Coping with multiple ongoing emergencies takes a toll on the burn center’s staff.
“It’s been a long haul,” Parker said, adding that the pandemic has “kiboshed” many of the social outlets people normally use outside of work to stay resilient.
Palmieri said that because patients with severe burns require lengthy hospital stays, the team members are able to plan ahead, mentally prepare for the workload, and support each other over the long haul.
“We know, when one or two people with 60% burns come in, ... we’re going to be busy for 3–4 months,” she said. “So we try and give people a strategic break.”
Sterling said the burn service tends to attract clinicians in all disciplines who are passionate about the specialty and thrive as a team despite the exhausting work.

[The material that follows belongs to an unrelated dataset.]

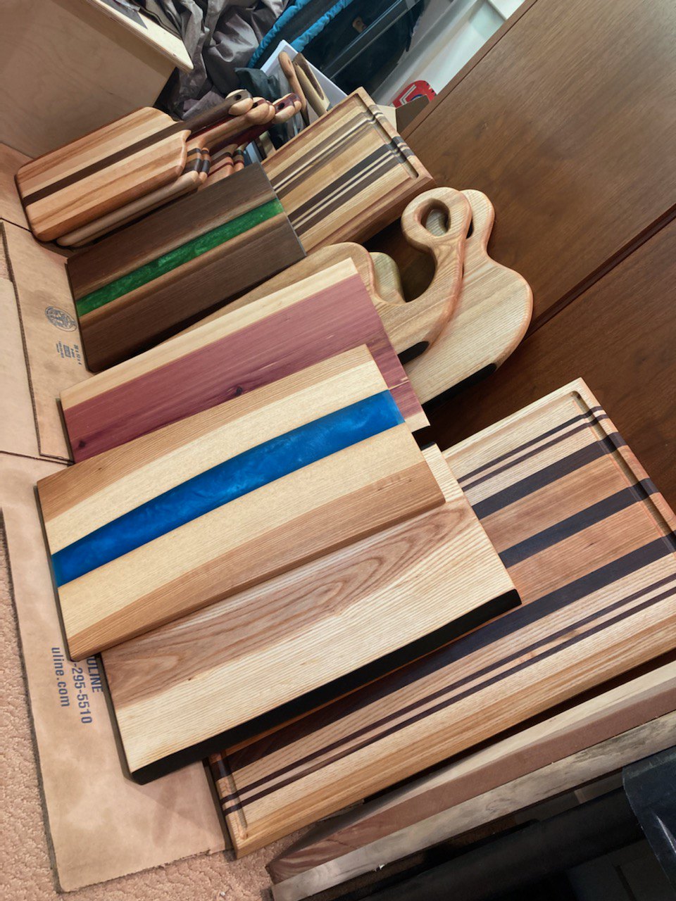 Handcrafted wooden cutting/charcuterie boards, live edge/epoxy trays, tables

In the end, it’s all about helping the patients.
“The physicians actually follow the burn patients after the discharge for months,” Palmieri said. She said seeing someone who was near death three months ago smiling and living a normal life is indescribable.
“And having little kid come up to you and give you a hug — or, conversely cry, when he sees you — those are good feelings. And just seeing those people like that, it validates what we do here,” she said.
[This news story appears in the December 15, 2020, issue of AJHP.]